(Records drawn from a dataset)
========

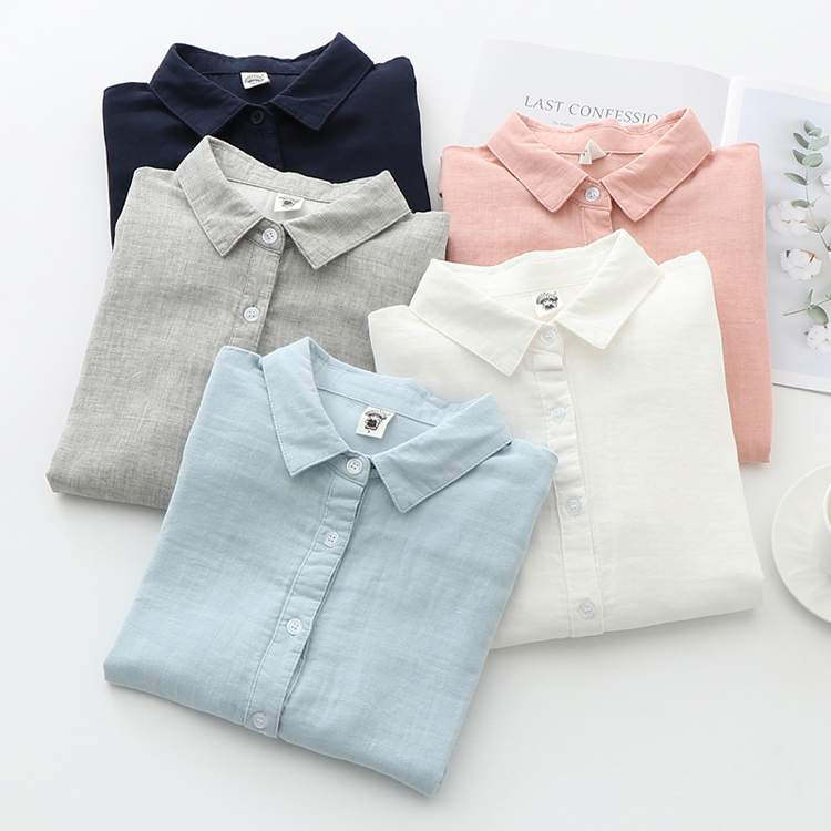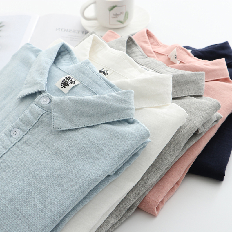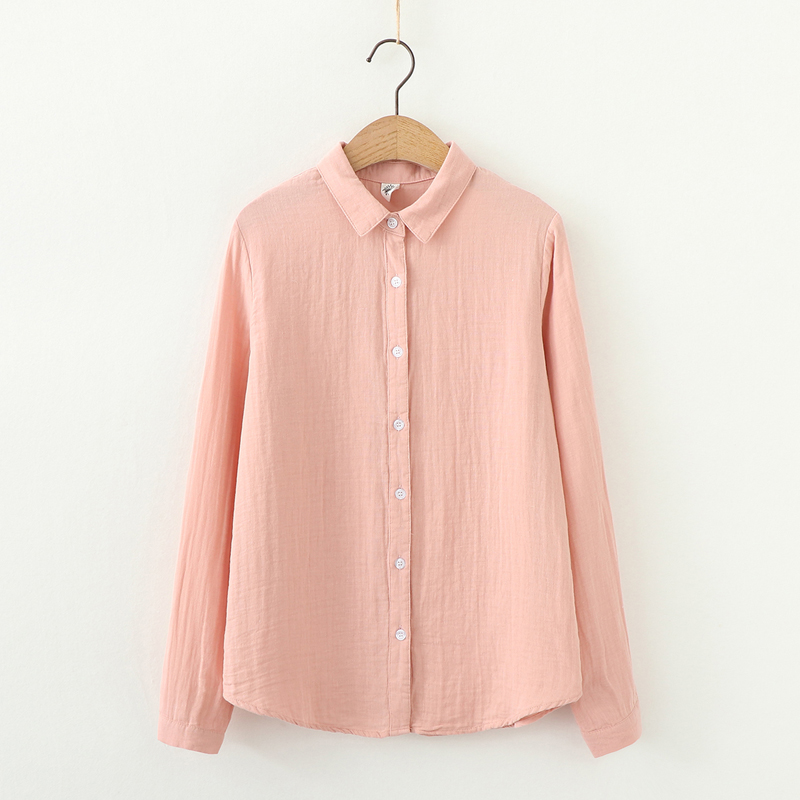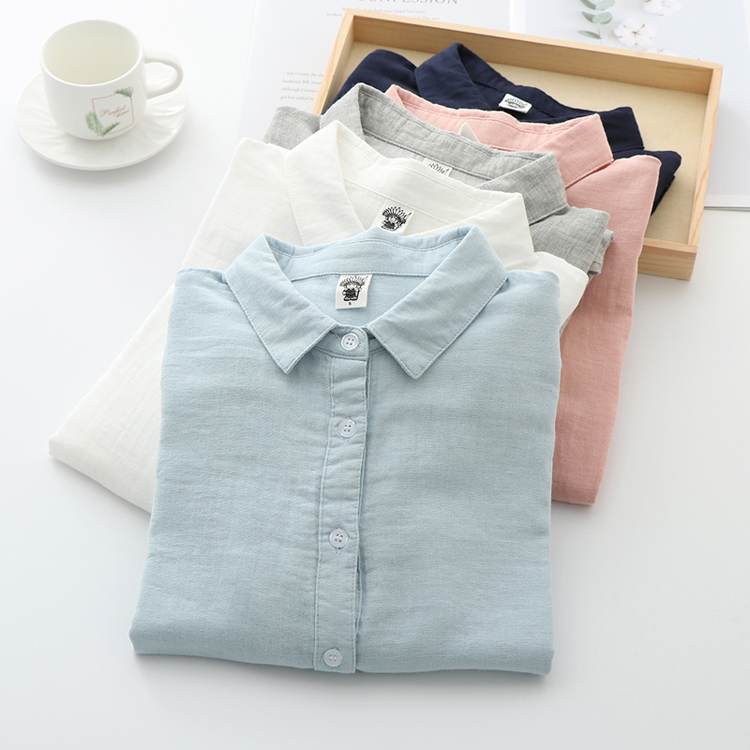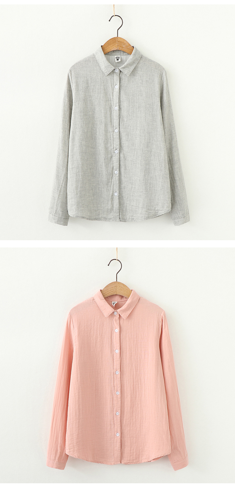 雙層棉紗襯衫女長袖寬鬆2023秋裝韓版文藝百搭純棉女士柔軟襯衫
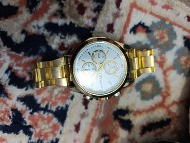 1) Qızılı rəngli metal qayışlı saat (marka: YUEFA)
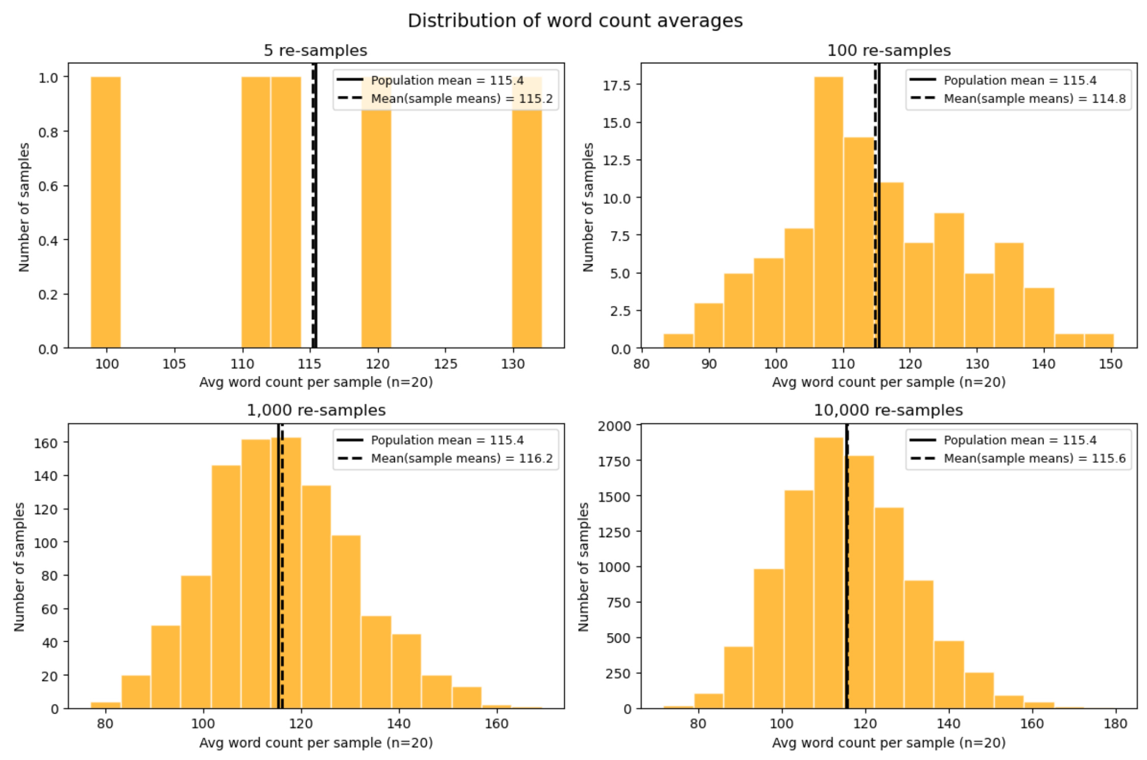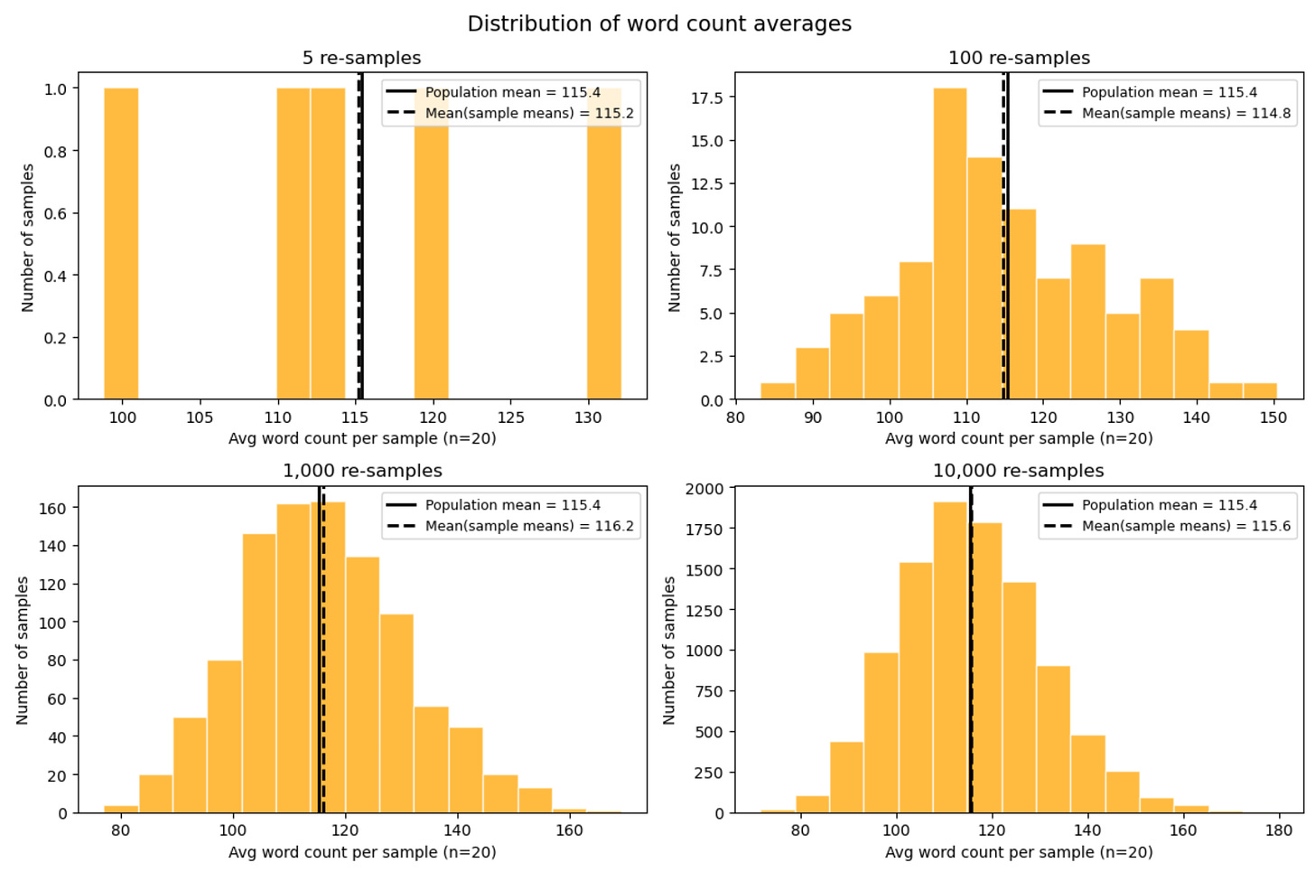 Since I have access to the whole population, calculating the true average is straightforward. I can count the words in each poem and compute the mean. This turns out to be 115.4 words, as depicted in the histogram below. Most poems sit between 50 and 150 words, with a handful of longer outliers.
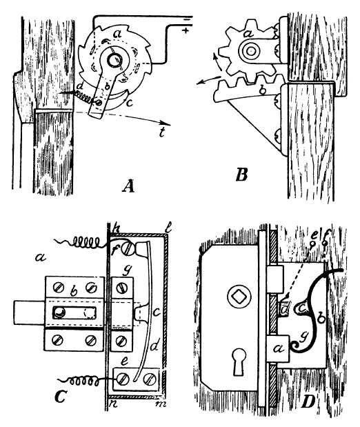На двери а привинчена задвижка b, показанная на рисунке выдвинутой. Ток идет через клемму с и пружину d с язычком е, входящим в скобку задвижки через клемму ?. При закрывании задвижки она выталкивает язычок е из скобки g; наконечник пружины d отходит вправо от клеммы ?, и ток прерывается.
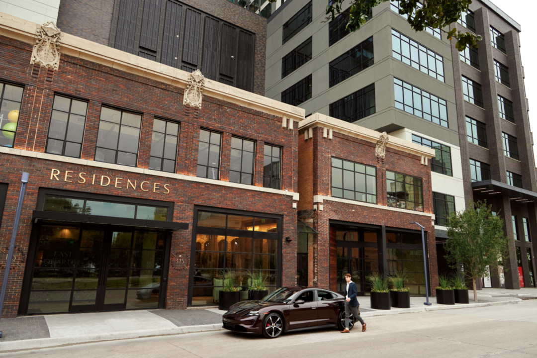 The 20-story mixed-use tower includes 336 apartments, 180,000 square feet of office space, 25,000 square feet of ground-floor retail, a fitness center, and a private bar for tenants. This project preserved two buildings from the 1940s.
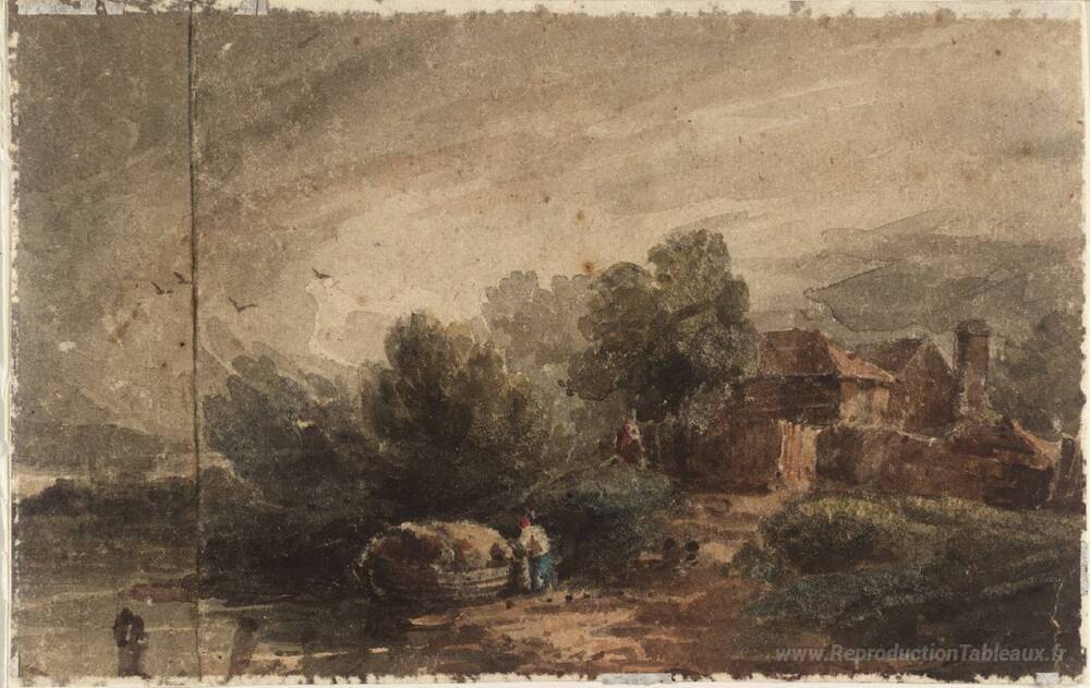 Nous vous proposons une reproduction artisanale sur toile du célèbre tableau 'Cottage par une rivière' de David Cox, provenant du Musée de la Reproduction.
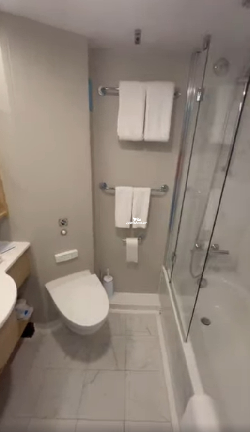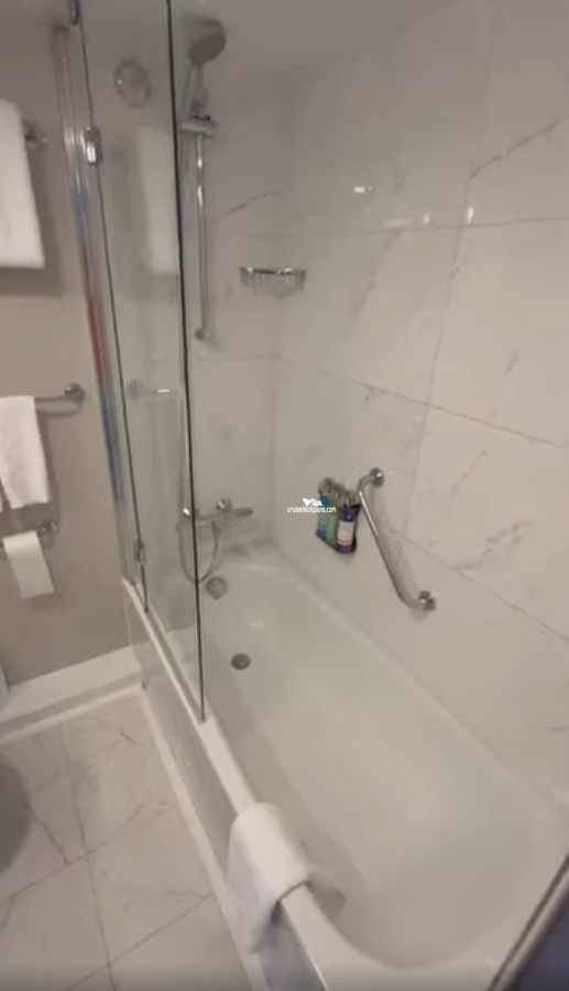 Bathrooms in standard staterooms are approximately 3' x 5'8". Shampoo, conditioner and soap are supplied in suites. Shampoo and soap are supplied in standard staterooms. Showers are European telephone style, adjustable from 1.4 m to 1.9 m, or 6'2", max. clearance height. Someone taller than 6'2" will fit in the shower, but will likely have to duck to get his or her head under the running water. Shower stools and nonslip mats are provided upon request.
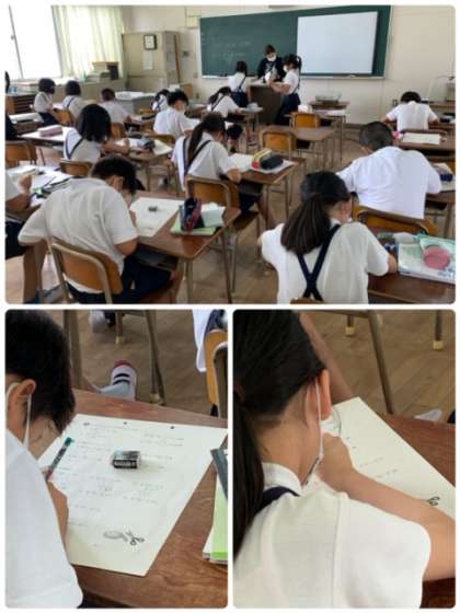 4年生 算数 公開日 2020/07/28 更新日 2020/07/28 お知らせ 4年生では、学級を2分割して算数と社会を学習しました。算数の授業の様子です。ふりかえりプリントをしています。 いいね(0)
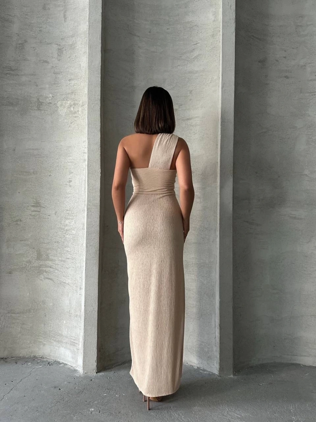 KAZAX marka tek omuz pliseli elbise, şıklık ve zarafeti bir araya getiriyor. Bu tasarım, özel davetlerde ve özel günlerde kendinizi prenses gibi hissetmenizi sağlar.
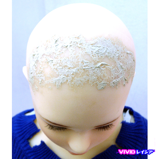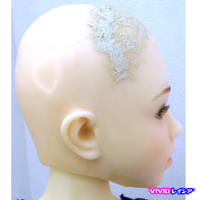 ・両耳後ろに割れ、前頭部にゴム状のも物の接着、後頭部右下に削れが見られます。
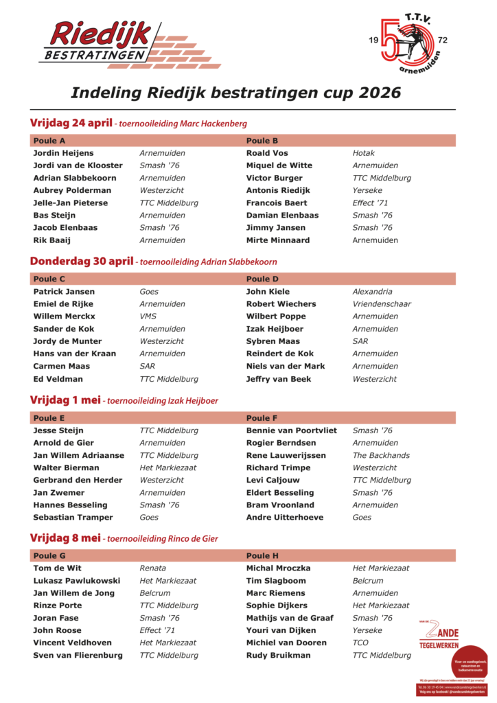 Door het jaar heen worden er allerlei toernooien en andere activiteiten georganiseerd buitenom het tafeltennis seizoen. Zo staat de vereniging niet alleen bekend om de sportieve prestaties maar ook zeker als gezelligheidsvereniging.
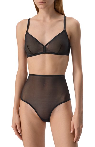 Мастера бренда использовали для пошива черного бюстгальтера с мягкими треугольными чашечками тонкий полупрозрачный текстиль, на котором нитями в тон вышили абстрактный узор. Такой материал практически не ощущается на теле, а узкие регулируемые бретели отвечают за комфортную посадку по фигуре.

========

Print the entries above word for word, without pictures.

 雙層棉紗襯衫女長袖寬鬆2023秋裝韓版文藝百搭純棉女士柔軟襯衫
 1) Qızılı rəngli metal qayışlı saat (marka: YUEFA)
 Since I have access to the whole population, calculating the true average is straightforward. I can count the words in each poem and compute the mean. This turns out to be 115.4 words, as depicted in the histogram below. Most poems sit between 50 and 150 words, with a handful of longer outliers.
На двери а привинчена задвижка b, показанная на рисунке выдвинутой. Ток идет через клемму с и пружину d с язычком е, входящим в скобку задвижки через клемму ?. При закрывании задвижки она выталкивает язычок е из скобки g; наконечник пружины d отходит вправо от клеммы ?, и ток прерывается.
 The 20-story mixed-use tower includes 336 apartments, 180,000 square feet of office space, 25,000 square feet of ground-floor retail, a fitness center, and a private bar for tenants. This project preserved two buildings from the 1940s.
 Nous vous proposons une reproduction artisanale sur toile du célèbre tableau 'Cottage par une rivière' de David Cox, provenant du Musée de la Reproduction.
 Bathrooms in standard staterooms are approximately 3' x 5'8". Shampoo, conditioner and soap are supplied in suites. Shampoo and soap are supplied in standard staterooms. Showers are European telephone style, adjustable from 1.4 m to 1.9 m, or 6'2", max. clearance height. Someone taller than 6'2" will fit in the shower, but will likely have to duck to get his or her head under the running water. Shower stools and nonslip mats are provided upon request.
 4年生 算数 公開日 2020/07/28 更新日 2020/07/28 お知らせ 4年生では、学級を2分割して算数と社会を学習しました。算数の授業の様子です。ふりかえりプリントをしています。 いいね(0)
 KAZAX marka tek omuz pliseli elbise, şıklık ve zarafeti bir araya getiriyor. Bu tasarım, özel davetlerde ve özel günlerde kendinizi prenses gibi hissetmenizi sağlar.
 ・両耳後ろに割れ、前頭部にゴム状のも物の接着、後頭部右下に削れが見られます。
 Door het jaar heen worden er allerlei toernooien en andere activiteiten georganiseerd buitenom het tafeltennis seizoen. Zo staat de vereniging niet alleen bekend om de sportieve prestaties maar ook zeker als gezelligheidsvereniging.
 Мастера бренда использовали для пошива черного бюстгальтера с мягкими треугольными чашечками тонкий полупрозрачный текстиль, на котором нитями в тон вышили абстрактный узор. Такой материал практически не ощущается на теле, а узкие регулируемые бретели отвечают за комфортную посадку по фигуре.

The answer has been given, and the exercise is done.